Thorough theoretical investigations of evolution strategies (ESs) are necessary for gaining a deep understanding of how they work. Much research has been done for analyzing ESs applied to unconstrained problems. For the constrained setting, there are still many aspects for which a deep theoretical understanding is missing. Theoretical comparisons of different infeasibility handling techniques are of interest. In addition, theoretical investigations of parameter choices have not yet been deeply investigated for constrained problems. Furthermore, theoretical comparisons of mutation strength control mechanisms are not fully explored. Moreover, as all of these heavily depend on the problem under consideration, more problems that model specific parts of practical constrained optimization problems need to be considered.
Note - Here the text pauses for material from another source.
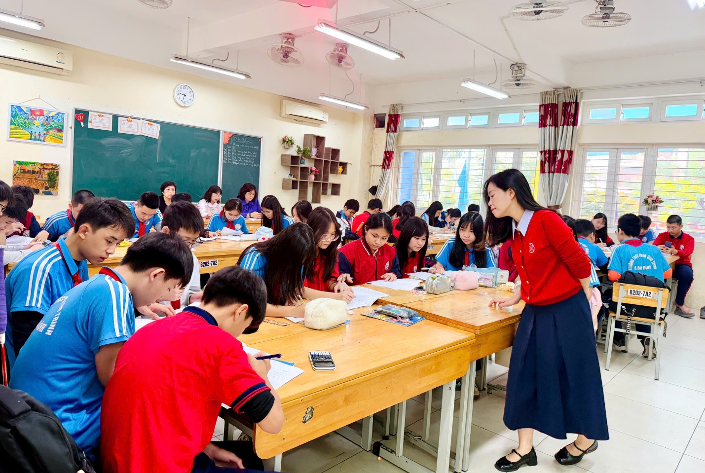 Điểm nổi bật của tiết học là tinh thần hợp tác và sự tập trung của tập thể lớp 8A2. Các em mạnh dạn tham gia vào hoạt động nhóm, trao đổi ý kiến, trình bày quan điểm trước lớp và lắng nghe bạn bè phản biện. Bầu không khí tương tác ấy không chỉ giúp các em hiểu bài sâu hơn mà còn rèn luyện những kĩ năng mềm quan trọng như giao tiếp, làm việc nhóm và thuyết trình. Bên cạnh đó, thái độ học tập nghiêm túc của cả lớp được thể hiện qua việc các em chủ động chuẩn bị bài, thực hiện yêu cầu của giáo viên đúng thời gian và giữ trật tự suốt buổi học. Nhờ vậy, tiết học không chỉ đạt mục tiêu luyện tập kiến thức mà còn góp phần bồi dưỡng sự tự tin, tinh thần trách nhiệm và ý thức tự học của mỗi học sinh. Đây cũng là tiền đề quan trọng giúp các em phát triển toàn diện hơn trong những giờ học tiếp theo.

As a step in that direction, this work theoretically analyzes a $(\mu /\mu I,\lambda )$-ES with cumulative step size adaptation (CSA) applied to a conically constrained linear problem.

Regarding related work, a $(1,\lambda )$-ES with constraint handling by discarding infeasible offspring has been analyzed by Arnold (2011b) for a single linear constraint. Repair by projection has been considered (Arnold, 2011a) and a comparison with repair by reflection and repair by truncation has been performed by Hellwig and Arnold (2016). In all of that work, analysis of the respective algorithms' one-generation and steady state behavior considering CSA is performed. Expressions with integrals are numerically integrated. Based on Lagrangian constraint handling, Arnold and Porter (2015) presented a $(1+1)$-ES applied to a single linear inequality constraint with the sphere model. The one-generation behavior has been analyzed in that work. The insights gained from that analysis have been used to develop an algorithm that is experimentally evaluated.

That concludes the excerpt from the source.